# Your Favorite Peripherals!



## Greg (Apr 13, 2013)

What are some of your favorite or secret weapon peripheral devices? I'll start with a few of mine!

1. Griffin Powermate Knob:
http://store.griffintechnology.com/powermate

A simple, stylish, no frills knob that can be assigned to scroll, zoom, automate, control volume, start playback, ect.

2. V Control for Ipad:
http://www.neyrinck.com/v-control-pro

Amazing touch interface that uses a similar GUI to many hosts! Makes it very intuitive to use. + Hover bar to mount your Ipad: http://twelvesouth.com/products/hoverbar/

3. Razer BlackWidow Keyboard:
http://www.razerzone.com/gaming-keyboards-keypads/razer-blackwidow-tournament-edition/ (http://www.razerzone.com/gaming-keyboar ... t-edition/)

Super low footprint and much more tactile than most keyboards. If you're a gamer then it's a double whammy


----------



## Nick Batzdorf (Apr 13, 2013)

Apple Magic Trackpad with BetterTouchTool and Mobee Magic Numpad. But only with those two pieces of software, and only as a complement to the Magic Mouse, not as a pointing device.

(Actually, Mobee is also "hardware" - it has an overlay as well a software to make the trackpad a 10-key.)


----------



## Nick Batzdorf (Apr 13, 2013)

Trackpad (these are the global commands - I have others for Logic and PT):


----------



## Nick Batzdorf (Apr 13, 2013)

Mouse:


----------



## DocMidi657 (Apr 13, 2013)

Hey Gregg,

Can the Griffen Product be assigned to send CC1? If yes can that be done in their control software?

Dave


----------



## Ned Bouhalassa (Apr 13, 2013)

Mackie Big Knob, Korg MS-20ic USB controller, iPad as remote controller for Logic when tracking.


----------



## jamwerks (Apr 14, 2013)

Hey Nick, I'm amazed to read in your posts what the Apple magic mouse can do., maybe more than my expensive 5 button Wacom's !

Did you use multi-button mice before the Magic mouster? Miss anything? Trackpad looks cool also...

BTW, I'm using a Novation Zero SL MKII and very happy with it.


----------



## Ozymandias (Apr 14, 2013)

CM tenkeyless keyboard (MX red switches):
http://www.cmstorm.com/en/products/keyb ... rerapidred

It's surprising how much of a difference this has made to my working day. The keyboard I was using before now seems like a device of subtle torture.


----------



## gsilbers (Apr 14, 2013)

for me its the mighty mouse. the one with the small wheel. its amazing how fast i can navigate, zoom in o out, scroll etc but moving the small wheel and pressing a keyboard command. 

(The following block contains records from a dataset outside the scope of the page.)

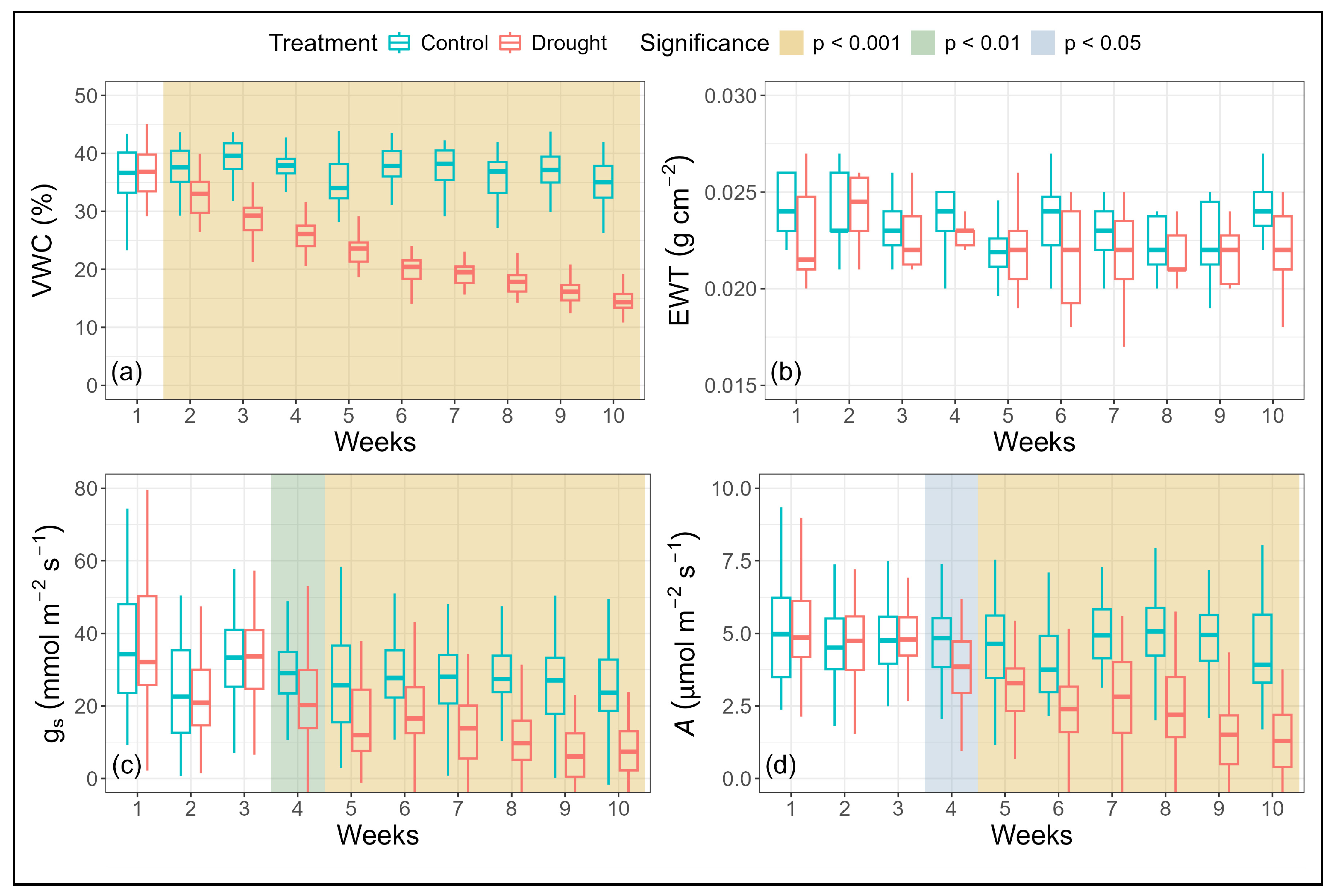 Figure 3. Temporal variation in (a) soil volumetric water content (VWC), (b) equivalent water thickness (EWT), (c) stomatal conductance (gs), and (d) assimilation rate (A) by treatments from week 1 to week 10 (replotted from Felix et al., 2025 [20]). Boxplots that are shaded with blue, green, and yellow denote statistically significant differences of p < 0.05, p < 0.01, and p < 0.001, respectively. Whiskers indicate ± 1.5 × the interquartile range.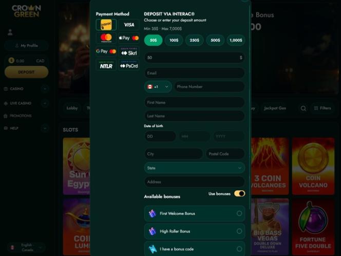 お住まいの地域では、オンラインギャンブル用の銀行サービスがご利用いただけない場合がありますので、ご希望の銀行サービスがCrowngreenアカウントへの入金に利用可能かどうか必ずご確認ください。本人確認手続きが完了すると、銀行振込の場合は最大5営業日、一部のeウォレットの場合は即時、クレジットカードの場合は最大3営業日で出金されます。
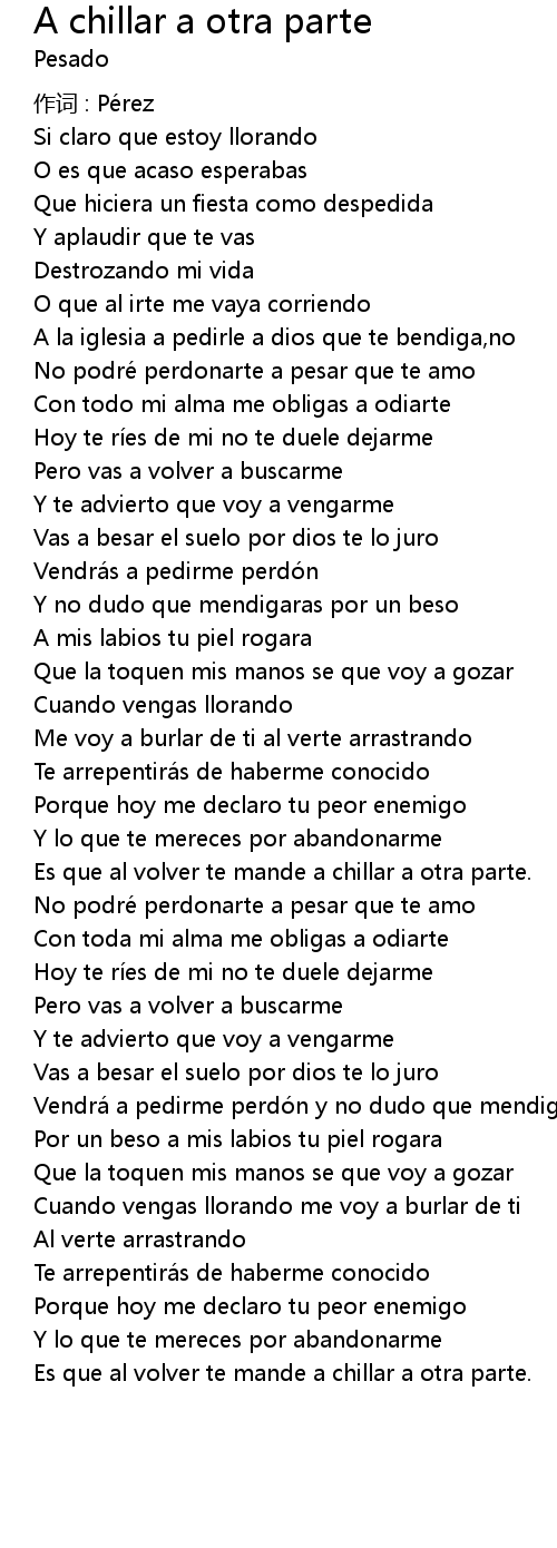| Es que al volver te mande a chillar a otra parte. | |

-fender mustang guitar midi controller. looks like a toy but great midi guitar. better than the ztar i had. 
even though that new guitar to midi software came out wich is better than the roland systems, i still like the mustang cause i can leave the buttons pressed for legato. i guess i can add a sus pedal to the regular guitar but the fenser is small and convinient. 

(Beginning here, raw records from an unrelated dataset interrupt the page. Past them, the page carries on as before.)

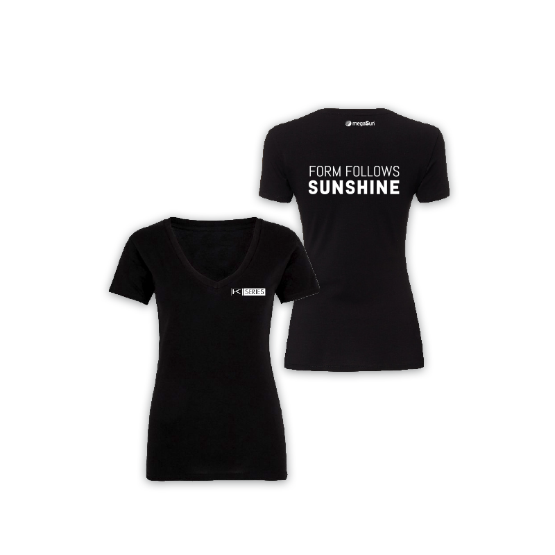 Damenshirt V-Neck, schwarz, inkl. Front-und Rückendruck: "K-Serie" und "Form follows sunshine"
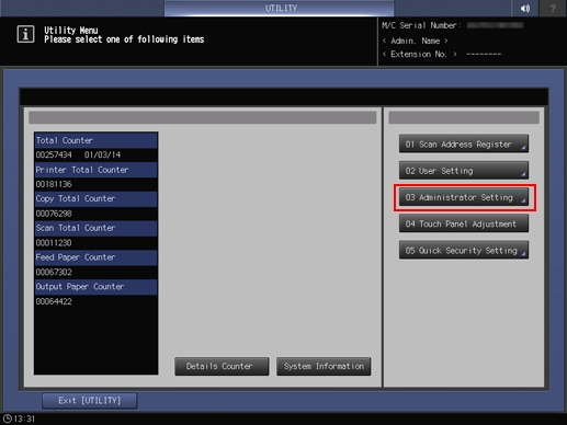 Press Administrator Setting.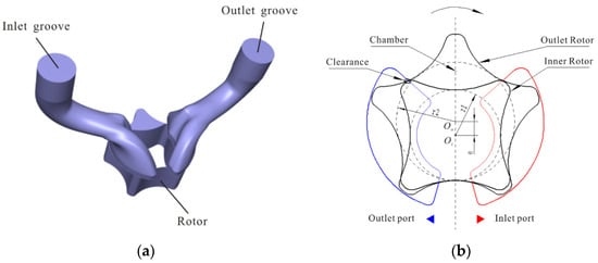 Table 1 presents the main design parameters of the gerotor pump utilized in this study. The pump operates at a rated speed of 3000 r/min with an outlet pressure (P2) of 0.5 MPa. As illustrated in Figure 1, the model comprises three components: the oil inlet groove, the rotor, and the oil outlet groove. The chamber, which serves as the working fluid delivery space, is established by enclosing an inner and outer rotor. Notably, there is no direct contact between the internal and external rotors and tip clearances.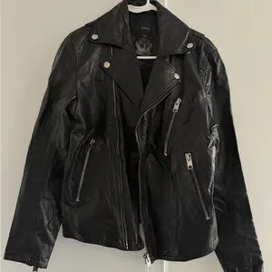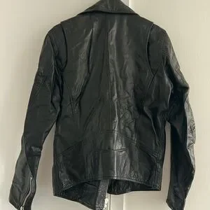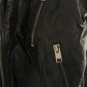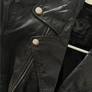 Diesel jacket crafted from black leather. Features sleek silver accents. Ideal for a modern look.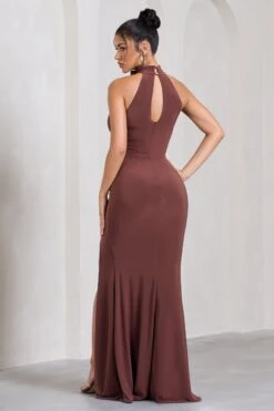 Wanderer | Chocolate Brown Ruched Halter-Neck Split Maxi Dress With Flower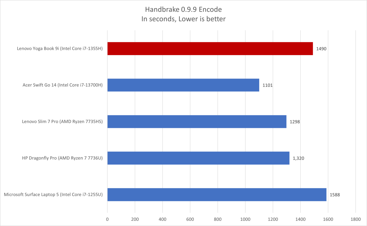 Результаты Handbrake (выше) более обнадеживающие, но устройство по-прежнему отстает от многих ноутбуков аналогичного размера. Очевидно, что Yoga Book 9i настроен больше на портативность, чем на производительность.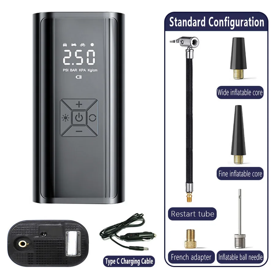 4. Built-in LED Light. 3 lighting modes (always bright, strobe, SOS), for the dark night of inflation, tire repair, check the car breakdown and emergencies.

then there is the ipad. great while working on boring technical stuff and leave netflix rolling on complete series back to back.


----------



## EastWest Lurker (Apr 14, 2013)

Logitech Marble Mouse Trackball.


----------



## Brobdingnagian (Apr 14, 2013)

TC Electronics Level pilot and the ipad with Touch OSC.

http://www.tcelectronic.com/level-pilot/


----------



## JBZeon (Apr 14, 2013)

TC Level Pilot, Ipad with Lemur and just around the corner a 23" touch screen with custom butons to replace Ipad. Ipad will become a remote control and a fader box.


----------



## passenger57 (Apr 14, 2013)

I really like the 'iPsychic Studio' app where I can control my entire studio with only the power of my mind. Oh darn I thought this was 2030 already

Well for now my fav is this guy:
http://retail.contourdesign.com/?/products/23


----------



## Nick Batzdorf (Apr 14, 2013)

jamwerks:



> Did you use multi-button mice before the Magic mouster? Miss anything? Trackpad looks cool also.

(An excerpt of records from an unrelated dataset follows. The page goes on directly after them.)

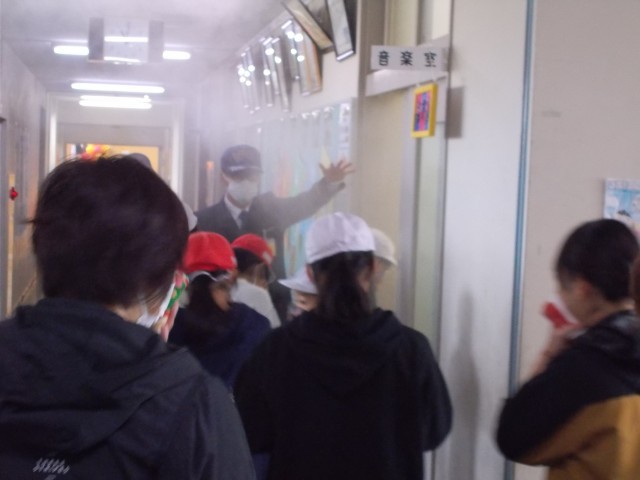 けむり体験は、煙を充満させた音楽室に入って歩行しました。体を低くすることや、手で壁を触ることなどを学びました。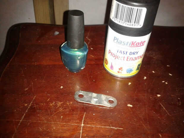 Después de moler (o no) puede ahora pintura, textura o angustia la rodillera. He hecho varios de estos collares con diferentes técnicas. Si usted no está interesado en gastar mucho en pintura o cosas así puede tratar de barniz de uñas. Unos barnices de uñas son realmente agradables y la gran variedad de colores, texturas y aplicaciones. Los metálicos funcionan mejor en mi opinión, pero cuando hice uno para mi novia, decidí ir con un color de rosa de neón brillante. Brillo y barnices de mármol son también por ahí pero no podíamos realmente encontrar ninguna así que hice lo.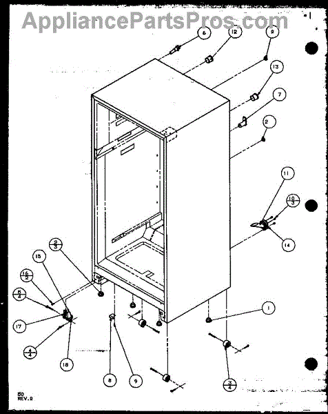 This factory screw secures appliance components to their mounting points. Replace missing, worn, or stripped hardware to restore a tight fit, proper alignment, and quieter operation across the affected assembly.

I didn't use multi-button mice, but actually the Magic Mouse does have multiple "buttons" - it distinguishes between left and right clicks among many other things.

I've used standard Apple mouses from the beginning (but not their keyboards, by the way - in between the great ones, there was a period of several years when they were unusable).

Note that it's BetterTouchTool - a magnificent free program - that assigns all those command to gestures. There's a long list of commands and gestures you can set up, and they can be global or application-specific.

There's another free program that's similar, but I've forgotten its name...and it doesn't matter, because BTT is better.

What's interesting is that you remember all of them without any effort. One would thing it would get totally confusing, but not so.

And I still don't understand why so many people prefer pointing devices other than mouses. It's not that I can't use a trackball or trackpad for that, it's that it's so much more cumbersome to me.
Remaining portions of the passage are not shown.